I had to go to the doctor’s this week for a checkup. I suppose that is a function of getting older – a new car doesn’t need to go to the mechanic as often as a well used one. The visit got me thinking about physicians and health care which is a rich source of humor. Enjoy
A wealthy hedge fund manager suffered from a serious heart condition. Finally he decided to visit an old friend who had been practicing medicine at a charity clinic. The doctor quickly determined his rich friend had a potentially fatal condition but that it could be easily treated with medication.

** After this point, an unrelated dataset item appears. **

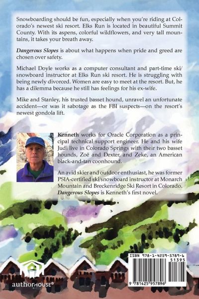 Snowboarding should be fun, especially when you're riding at Colorado's newest ski resort. Elks Run is located in beautiful Summit County. With its aspens, colorful wildflowers, and very tall mountains, it takes your breath away. Dangerous Slopes is about what happens when pride and greed are chosen over safety. Michael Doyle works as a computer consultant and part-time ski/snowboard instructor at Elks Run ski resort. He struggles with being newly divorced. Women are easy to meet at the resort. But, he has a dilemma because he still has feelings for his ex-wife. Mike and Stanley, his trusted basset hound, unravel an unfortunate accident-or was it sabotage by environmentalists as the FBI suspects-on the resort's newest gondola lift.

Taking the prescription, the rich man shook his doctor's hand in gratitude and said, "Since we are the best of friends, I would not want to insult you by offering payment. But I would like for you to know that I have included a generous donation to your clinic in my will."
"That is very kind of you," said the doctor emotionally, and then added, "Can I see that prescription I just gave you? I'd like to make a little change."
+++++++++++++++++++++++++++++
A woman in Arkansas brought her baby in to see the doctor, and he determined right away the baby had an ear ache.
He wrote a prescription for ear drops. In the directions he wrote, "Put two drops in right ear every four hours" and he abbreviated "right" as an R with a circle around it.
Several days passed, and the woman returned with her baby, complaining that the baby still had an earache, and his little behind was getting really greasy with all those drops of oil.
The doctor looked at the bottle of ear drops and sure enough, the pharmacist had typed the following instructions on the label:
"Put two drops in R ear every four hours."
…………………………………………………..
Joe had been seeing a psychoanalyst for four years for treatment of the fear that he had monsters under his bed; it had been years since he had gotten a good night’s sleep. He visited a psychologist for years trying to find some relief but to no avail. Finally he stopped going to his old therapist. A few weeks later, he saw his former psychoanalyst client in the supermarket; The therapist was surprised to find Joe looking well-rested, energetic, and cheerful.
“Doc!” Joe says, “It’s amazing! I’m cured!”
“That’s great news!” the psychoanalyst says. “you seem to be doing much better. How?”
“I went to see another doctor,” Joe says enthusiastically, “and he cured me in just ONE session!”
“One?!” the psychoanalyst asks incredulously.
“Yeah,” continues Joe, “my new doctor is a behaviorist.”
“A behaviorist?” the psychoanalyst asks. “How did he cure you in one session?”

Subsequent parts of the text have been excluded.